You can disable project:

 # dnf copr disable bkabrda/python-3.4 
 Repository successfully disabled.

which will remove previously downloaded repo file.

DNF 0.4.18 Released

The new release is making its way to Fedora mirrors as I write this. The notes are up.

Distro-syncing specific subsets of packages is finally here. Also 0.4.18 marks the move to objectified groups, something Yum did in 2012. Things might look a bit shaky on the groups front for some time while the precise semantics settles but the basic operations work and support for installing optional packages has been added again. Moreover, the changes provide new API that allows the DNF Anaconda payload to exclude packages from transaction as the user wishes.

API also sees some spring cleaning of parts that we’ve deprecated and kept in the cellar since last December.

On The Name

With the DNF Fedora change published, the feature set closing in on the Yum’s, the number of plugins increasing, the API expanding and the Anaconda integration steadily improving, it is about time to say what is meant by “DNF”, the abbreviation.

To start from the start: Yum originally stood for “Yellowdog Updater Modified”. A colleague of ours thought “hawkey” would be a cool name for a new packaging project, in a random way continuing “Yum” since his yellow-coated pet dog’s name was Hawkey. So that’s how the lib got its name. Now that is near Hawkeye, the M*A*S*H character. So we picked a name expressing some continuation from the previous tool and expressing the new tool is Hawkeye Pierce-dandier by having hawkey embedded in it:

Dandified Yum, “DNF” in short and “dnf” on the command line.[1]
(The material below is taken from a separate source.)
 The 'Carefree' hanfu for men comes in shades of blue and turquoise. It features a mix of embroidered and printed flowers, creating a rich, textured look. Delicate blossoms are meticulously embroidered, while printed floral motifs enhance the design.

Anybody out there: if you are willing to contribute a Creative Commons logo now that the full name is known, please leave one with your name and email address in the comments and if we find it lovely we’ll get in touch with you.
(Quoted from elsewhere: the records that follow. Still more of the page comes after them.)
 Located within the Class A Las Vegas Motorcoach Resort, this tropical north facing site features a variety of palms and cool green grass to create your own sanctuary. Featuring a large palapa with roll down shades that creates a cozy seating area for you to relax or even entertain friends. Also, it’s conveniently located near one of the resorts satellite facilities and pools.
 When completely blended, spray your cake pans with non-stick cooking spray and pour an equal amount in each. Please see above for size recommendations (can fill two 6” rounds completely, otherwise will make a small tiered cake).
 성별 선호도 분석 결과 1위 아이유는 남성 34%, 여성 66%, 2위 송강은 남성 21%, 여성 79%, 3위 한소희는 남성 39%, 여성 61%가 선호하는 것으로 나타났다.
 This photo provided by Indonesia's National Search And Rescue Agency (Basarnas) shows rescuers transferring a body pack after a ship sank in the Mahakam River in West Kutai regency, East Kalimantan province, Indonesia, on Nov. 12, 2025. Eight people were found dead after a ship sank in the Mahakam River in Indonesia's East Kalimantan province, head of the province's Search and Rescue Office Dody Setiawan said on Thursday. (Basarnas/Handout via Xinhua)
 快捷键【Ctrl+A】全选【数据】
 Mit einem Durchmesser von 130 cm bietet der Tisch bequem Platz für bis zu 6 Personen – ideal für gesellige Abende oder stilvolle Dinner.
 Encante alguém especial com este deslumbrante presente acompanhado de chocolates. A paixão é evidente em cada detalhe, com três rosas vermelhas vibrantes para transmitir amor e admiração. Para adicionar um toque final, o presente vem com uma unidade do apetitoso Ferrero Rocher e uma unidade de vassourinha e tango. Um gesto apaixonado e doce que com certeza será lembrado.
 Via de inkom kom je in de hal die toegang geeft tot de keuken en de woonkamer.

[1]We also briefly considered calling the forked Yum “BJ”, like Hawkeye’s colleague. That got turned down fast.

DNF 0.4.17 Released

After a week’s development sprint we are back with a new version today.

It was an unfortunate side-effect of the refactorings in 0.4.15 that DNF users of the two last releases sometimes experienced crashes and garbled output during the download phases. This release contains a long list of fixes for those, along with extensions to help us chase similar problems in the future.

There are new API calls in the repo management department and a bug fixed that prevented many from using --cacheonly. Linking to the release notes.

Behind the scenes a lot of work is going into reimplementation of repo-pkgs command from Yum. With repo-pkgs, but also other commands, we are often having a hard time determining which subcommands are legacy and which are used/have use cases. Users’ insights on this problem would be welcome, i.e. we’d be really interested to know what you think is worth dropping and why.